• Data for this task:

************

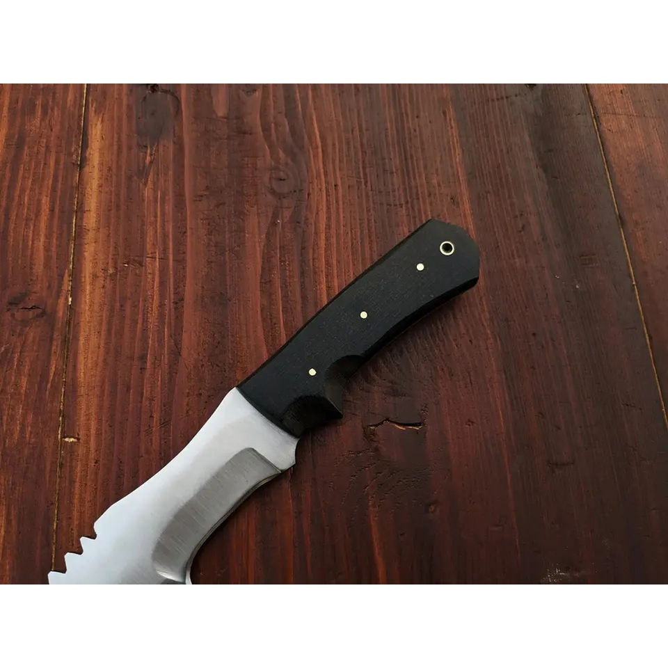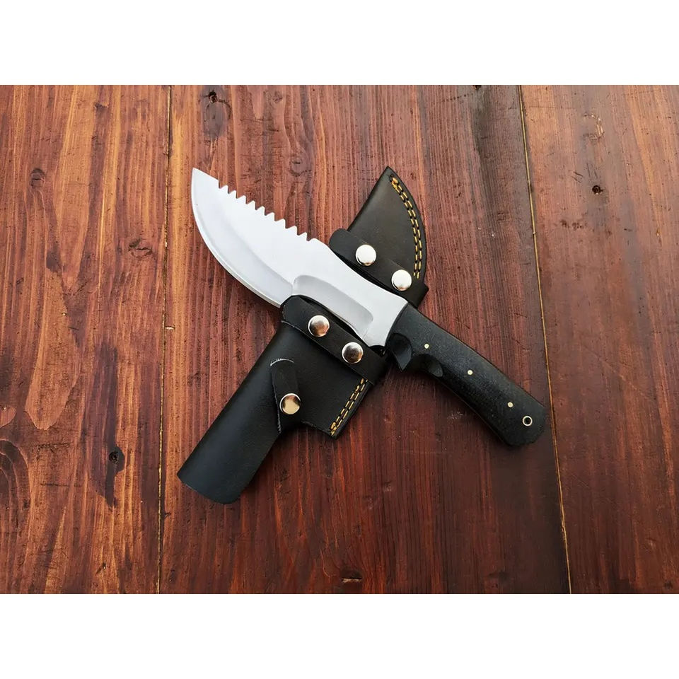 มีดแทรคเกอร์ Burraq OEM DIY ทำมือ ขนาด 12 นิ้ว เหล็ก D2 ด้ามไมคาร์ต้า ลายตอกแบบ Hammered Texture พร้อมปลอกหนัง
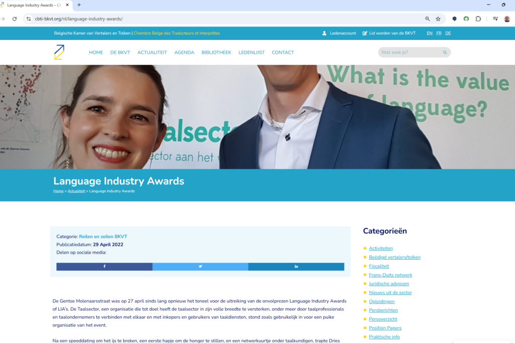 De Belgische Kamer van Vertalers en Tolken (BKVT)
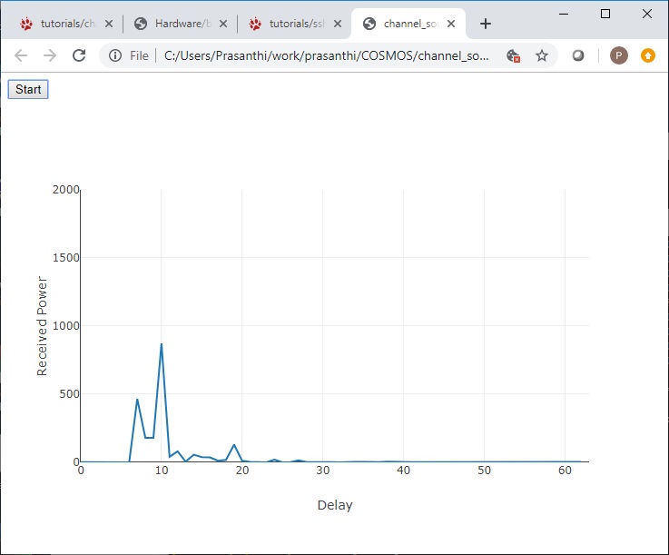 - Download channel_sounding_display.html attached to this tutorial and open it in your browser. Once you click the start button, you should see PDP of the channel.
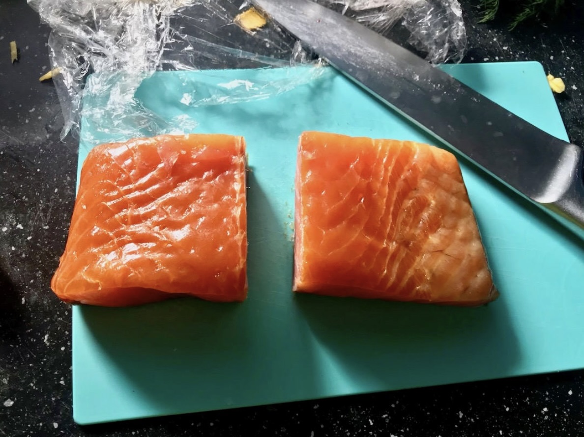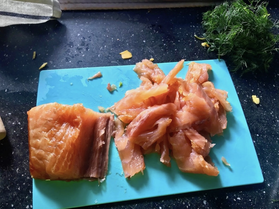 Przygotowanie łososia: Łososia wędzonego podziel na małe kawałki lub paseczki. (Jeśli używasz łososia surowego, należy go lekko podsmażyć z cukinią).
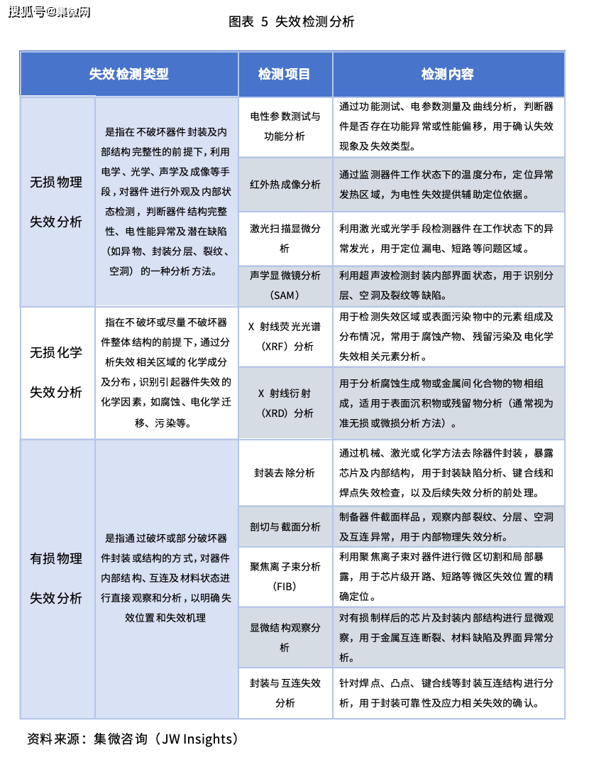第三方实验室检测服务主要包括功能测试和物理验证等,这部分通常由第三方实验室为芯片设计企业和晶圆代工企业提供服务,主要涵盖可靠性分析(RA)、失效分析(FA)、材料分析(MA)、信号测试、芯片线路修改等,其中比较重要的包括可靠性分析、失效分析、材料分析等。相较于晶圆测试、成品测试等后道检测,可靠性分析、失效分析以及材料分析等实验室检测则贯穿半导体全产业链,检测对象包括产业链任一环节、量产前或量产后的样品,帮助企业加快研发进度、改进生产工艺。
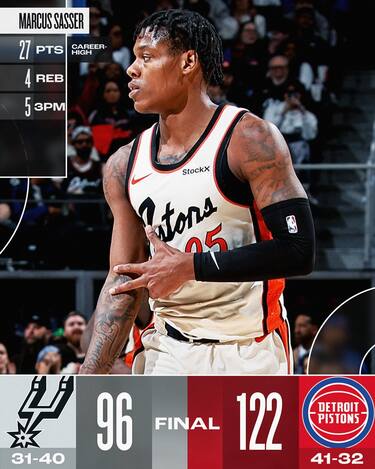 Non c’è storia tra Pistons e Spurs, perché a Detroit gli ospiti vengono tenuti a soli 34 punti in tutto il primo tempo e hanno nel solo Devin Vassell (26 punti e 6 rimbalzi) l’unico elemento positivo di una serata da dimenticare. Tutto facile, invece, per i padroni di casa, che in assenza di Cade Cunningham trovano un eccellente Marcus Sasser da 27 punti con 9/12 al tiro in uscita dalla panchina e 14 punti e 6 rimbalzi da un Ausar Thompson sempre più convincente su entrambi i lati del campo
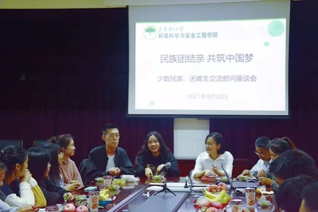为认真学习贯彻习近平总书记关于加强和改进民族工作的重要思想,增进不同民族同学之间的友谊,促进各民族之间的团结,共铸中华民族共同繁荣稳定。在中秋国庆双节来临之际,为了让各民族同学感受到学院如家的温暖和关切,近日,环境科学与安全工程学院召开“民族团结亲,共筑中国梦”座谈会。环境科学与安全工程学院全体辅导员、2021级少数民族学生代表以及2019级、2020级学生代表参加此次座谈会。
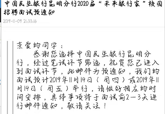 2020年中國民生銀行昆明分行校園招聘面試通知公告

************

• What to produce:
Please write out exactly, and only, the lines from the beginning of the entries through the line containing "第三方实验室检测服务主要包括", including both and skipping all pictures.

• Solution to the problem:
 มีดแทรคเกอร์ Burraq OEM DIY ทำมือ ขนาด 12 นิ้ว เหล็ก D2 ด้ามไมคาร์ต้า ลายตอกแบบ Hammered Texture พร้อมปลอกหนัง
 De Belgische Kamer van Vertalers en Tolken (BKVT)
 - Download channel_sounding_display.html attached to this tutorial and open it in your browser. Once you click the start button, you should see PDP of the channel.
 Przygotowanie łososia: Łososia wędzonego podziel na małe kawałki lub paseczki. (Jeśli używasz łososia surowego, należy go lekko podsmażyć z cukinią).
第三方实验室检测服务主要包括功能测试和物理验证等,这部分通常由第三方实验室为芯片设计企业和晶圆代工企业提供服务,主要涵盖可靠性分析(RA)、失效分析(FA)、材料分析(MA)、信号测试、芯片线路修改等,其中比较重要的包括可靠性分析、失效分析、材料分析等。相较于晶圆测试、成品测试等后道检测,可靠性分析、失效分析以及材料分析等实验室检测则贯穿半导体全产业链,检测对象包括产业链任一环节、量产前或量产后的样品,帮助企业加快研发进度、改进生产工艺。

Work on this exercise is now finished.